Source data:
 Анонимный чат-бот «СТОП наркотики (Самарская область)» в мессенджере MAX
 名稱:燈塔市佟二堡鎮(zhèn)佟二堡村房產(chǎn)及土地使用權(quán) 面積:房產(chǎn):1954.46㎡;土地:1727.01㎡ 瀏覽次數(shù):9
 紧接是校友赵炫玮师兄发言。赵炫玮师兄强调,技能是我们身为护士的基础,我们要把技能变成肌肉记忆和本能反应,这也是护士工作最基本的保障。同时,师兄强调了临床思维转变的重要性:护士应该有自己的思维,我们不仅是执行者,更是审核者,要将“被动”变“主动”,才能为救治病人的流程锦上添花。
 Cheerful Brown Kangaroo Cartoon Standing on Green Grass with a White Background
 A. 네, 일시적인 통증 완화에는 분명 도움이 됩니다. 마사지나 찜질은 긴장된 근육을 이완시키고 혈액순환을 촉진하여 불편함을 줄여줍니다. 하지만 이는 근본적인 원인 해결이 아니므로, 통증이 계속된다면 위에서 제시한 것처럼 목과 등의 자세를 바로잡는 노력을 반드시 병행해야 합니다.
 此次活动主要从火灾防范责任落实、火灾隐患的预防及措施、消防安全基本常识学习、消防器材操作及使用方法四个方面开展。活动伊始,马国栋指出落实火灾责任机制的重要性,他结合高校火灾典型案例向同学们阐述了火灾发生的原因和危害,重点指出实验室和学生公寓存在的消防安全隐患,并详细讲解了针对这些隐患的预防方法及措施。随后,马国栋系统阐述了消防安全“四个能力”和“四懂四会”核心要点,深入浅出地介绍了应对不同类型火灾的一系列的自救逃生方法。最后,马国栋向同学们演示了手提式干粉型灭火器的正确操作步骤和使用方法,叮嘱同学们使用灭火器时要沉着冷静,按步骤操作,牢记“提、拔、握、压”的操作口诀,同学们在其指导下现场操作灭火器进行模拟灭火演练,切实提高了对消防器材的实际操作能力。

What this task involves: Take the records above and return, word for word, only the lines that fall from the line with "紧接是校友赵炫玮师兄发言。赵" to the line with "Cheerful Brown Kangaroo", both of them included.

Exercise response:
 紧接是校友赵炫玮师兄发言。赵炫玮师兄强调,技能是我们身为护士的基础,我们要把技能变成肌肉记忆和本能反应,这也是护士工作最基本的保障。同时,师兄强调了临床思维转变的重要性:护士应该有自己的思维,我们不仅是执行者,更是审核者,要将“被动”变“主动”,才能为救治病人的流程锦上添花。
 Cheerful Brown Kangaroo Cartoon Standing on Green Grass with a White Background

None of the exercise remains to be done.